Bij besluit van 4 februari 2016 (het primaire besluit) heeft verweerder de loonbetalingsverplichting van eiseres ten aanzien van haar werknemer [A]
(werknemer) verlengd met 52 weken tot 19 maart 2017. Die verlenging – ook wel kortweg loonsanctie genoemd – is opgelegd op de grond dat de re-integratie-inspanningen van eiseres onvoldoende zijn geweest.
Bij besluit van 31 maart 2016 (het bestreden besluit) heeft verweerder het bezwaar van eiseres ongegrond verklaard.
Eiseres heeft tegen het bestreden besluit beroep ingesteld.
Verweerder heeft een verweerschrift ingediend.
Het onderzoek ter zitting heeft plaatsgevonden op 9 februari 2017. Eiseres heeft zich laten vertegenwoordigen door haar gemachtigde en [B] , mede-eigenaar. Verweerder heeft zich laten vertegenwoordigen door zijn gemachtigde.

Overwegingen

1. De werknemer heeft de rechtbank geen toestemming gegeven om gedingstukken die medische gegevens bevatten ter kennisname van eiseres te brengen. Gelet hierop zal de rechtbank bij de motivering van haar oordeel medische terminologie zoveel mogelijk vermijden om te voorkomen dat die gegevens langs deze weg alsnog in de openbaarheid worden gebracht.
2. De werknemer is op 24 maart 2014 als gevolg van een bedrijfsongeval uitgevallen voor zijn werk als internationaal vrachtwagenchauffeur meerdaagse ritten.
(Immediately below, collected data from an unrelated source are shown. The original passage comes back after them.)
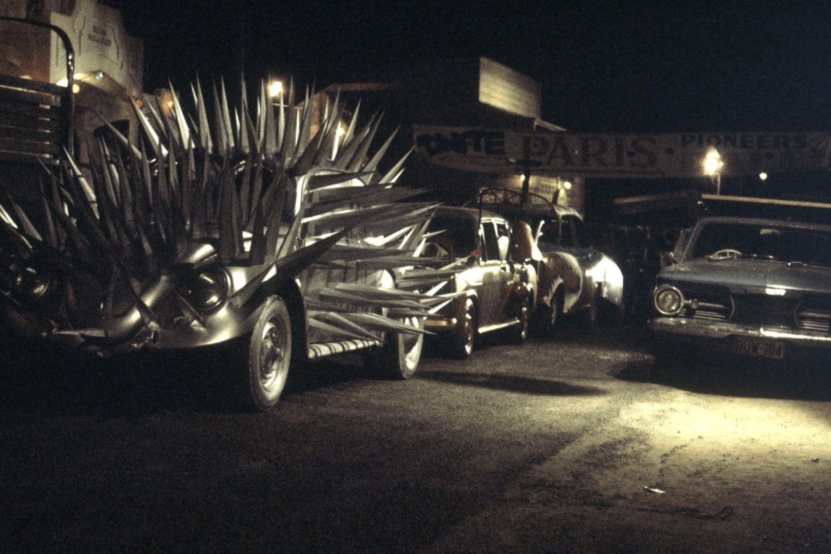 The premise of Cars – a small, isolated community that causes car wrecks, strips the vehicles for parts, and has any survivors lobotomized – is also prefigured by a scene in Homesdale. In it, the manager of the title establishment, which bills itself as “a new experiment in togetherness,” regales his guests with the story of a miner who faked road accidents. “Used his motorcycle to kill four wives,” he explains, and has one of his assistants (played by Weir) demonstrate how. This is in response to one guest’s assertion that, as a policeman, he had seen many exciting things, including road accidents. “Accidents? Oh, I don’t believe in accidents,” he replies. “Nothing is an accident.”
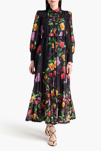 Crochet-trimmed floral-print cotton-blend mini shirt dress
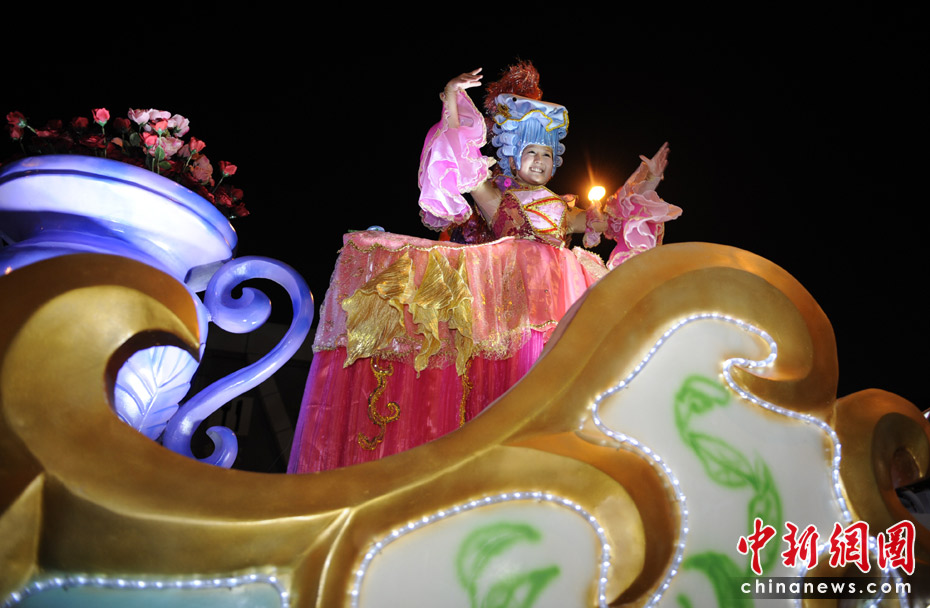 5月2日晚,由一輛輛充滿(mǎn)異域風(fēng)情的花車(chē)和身著盛裝的表演者組成的“歡樂(lè)盛裝大巡游”在世博園區(qū)舉行。中新網(wǎng)記者 王紅綱 攝

Op 21 december 2015 heeft de werknemer bij verweerder een aanvraag gedaan om in aanmerking te komen voor een uitkering op grond van de Wet werk en inkomen naar arbeidsvermogen (Wet WIA). Naar aanleiding van deze aanvraag heeft een arbeidskundig onderzoek plaatsgevonden. In de rapportage van 2 februari 2016 kom de arbeidsdeskundige tot de conclusie dat de re-integratie-inspanningen van eiseres in het kader van de Wet Verbetering Poortwachter onvoldoende zijn geweest. De aanvraag voor een Wet WIA-uitkering kan niet in behandeling worden genomen. Vervolgens heeft verweerder de besluiten genomen, zoals vermeld onder ‘Procesverloop’.
3. Bij het bestreden besluit heeft verweerder de aan eiseres opgelegde loonsanctie gehandhaafd. Hieraan is ten grondslag gelegd dat er geen sprake is van een bevredigend re-integratieresultaat, aangezien de werknemer niet werkt, terwijl hij wel mogelijkheden bezit om in passende arbeid te kunnen werken. Eiseres heeft weliswaar tijdig een adequaat spoor 2 traject ingekocht, maar zij heeft te weinig invloed genomen op het slagen van dat traject. Verweerder heeft zich daarbij gebaseerd op het rapport van de arbeidsdeskundige bezwaar en beroep van 30 maart 2016. Dat rapport is ten grondslag gelegd aan het bestreden besluit.
4.1
De rechtbank overweegt dat voor werknemers die een aanvraag indienen voor een
WIA-uitkering, voorafgaand aan de beoordeling van het recht op uitkering door verweerder eerst de zogenoemde Poortwachterstoets wordt uitgevoerd. De grondslag voor deze toets is onder meer te vinden in de artikelen 7:658a en 7:660a van het Burgerlijk Wetboek (BW) en de artikelen 25 en 65 van de Wet WIA.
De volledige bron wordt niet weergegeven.